--- Available data Enclosed Below ---

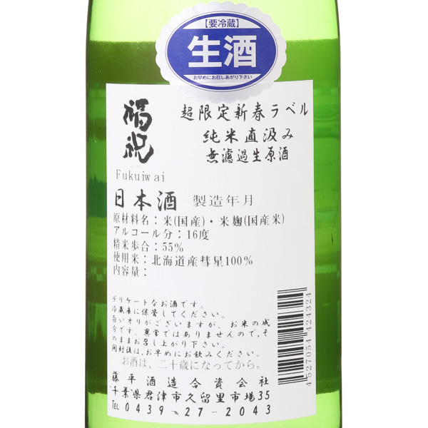 福祝 ワンコ新春ラベル 直汲み純米 生酒
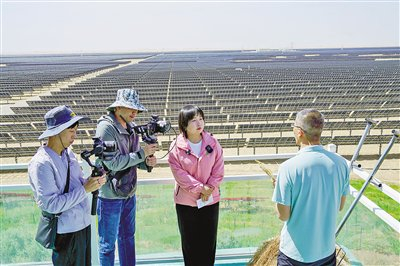 走进巴彦淖尔市磴口县160万千瓦光储+生态治理项目区,一排排光伏板如蓝海般延展于乌兰布和沙漠腹地,与板下的梭梭、四翅滨藜等沙生植物共同构筑起绿色屏障。磴口县发展和改革委员会副主任罗彪志介绍,该项目全面推广复制“板上发电、板下种植”的“光伏+生态治理”模式,通过抬高光伏阵列高度、拉大阵列间距,为生态治理和机械化作业留足空间,实现光伏产业和生态治理有机结合。
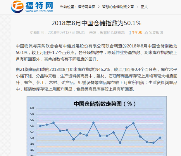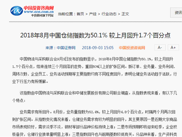 2018年8月中国仓储指数为50.1%

--- End of Enclosed Available data ---

» **Your assignment**: An exact reproduction of the material is needed, without its images.

» **Written solution**:
 福祝 ワンコ新春ラベル 直汲み純米 生酒
 走进巴彦淖尔市磴口县160万千瓦光储+生态治理项目区,一排排光伏板如蓝海般延展于乌兰布和沙漠腹地,与板下的梭梭、四翅滨藜等沙生植物共同构筑起绿色屏障。磴口县发展和改革委员会副主任罗彪志介绍,该项目全面推广复制“板上发电、板下种植”的“光伏+生态治理”模式,通过抬高光伏阵列高度、拉大阵列间距,为生态治理和机械化作业留足空间,实现光伏产业和生态治理有机结合。
 2018年8月中国仓储指数为50.1%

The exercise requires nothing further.